3.4. Postreactivation Complex
After breaking the bond with serine, the organophosphorus fragment is transferred to the reactivator, forming a stable complex. From the point of view of the reactivation process, the OP-oxime complex (POX) should not have affinity to the binding site [19]. This would indicate a low potential of such a complex acting as an enzyme inhibitor and allow for its rapid dissociation from the binding site. For the purpose of our research, we prepared a number of oxime-OP complexes that we then docked to the AChE and BuChE active sites to examine their arrangement and possible inhibitory potential.

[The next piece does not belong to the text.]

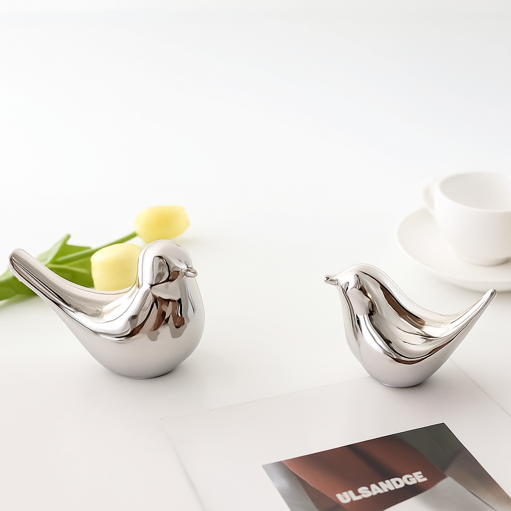 Внесете модерен блясък и елегантност в дома си с декоративната фигура „Сребърна птица“.

Among the poses obtained as a result of the docking of the sarin-oxime and tabun-oxime complexes to AChE, two clusters can be distinguished. In the first cluster, the poses were arranged such that the OP moiety remained at the catalytic site. The other cluster revealed an arrangement in which the pyridinium moiety not connected with the organophosphorus moiety was located at the catalytic site, whereas the sarin or tabun group was directed towards the outside of the narrow gorge. The best scored poses of the sarin-2-PAM conjugate belonged to the first cluster. Visual inspection showed that the phosphoryl oxygen atom of sarin was directed towards the oxyanion hole, while the pyridinium ring of 2-PAM (Supplementary Materials Figure S13) interacted with the aromatic ring of Tyr124 through cation-π and π-π stacking. The best rated results of sarin-HI-6 obtained in docking to AChE could be divided into two clusters. In the first cluster, we observed that the phosphoryl oxygen atom of sarin was adjacent to the oxyanion hole. However, the OP moiety did not create any interactions. The oxime component of the complex created cation-π and π-π stacking with Tyr341 and Trp286 via the pyridinium ring (Figure 7). Other sarin-oxime conjugates revealed coherent poses that belonged to the second cluster (Supplementary Materials Figures S14–S16).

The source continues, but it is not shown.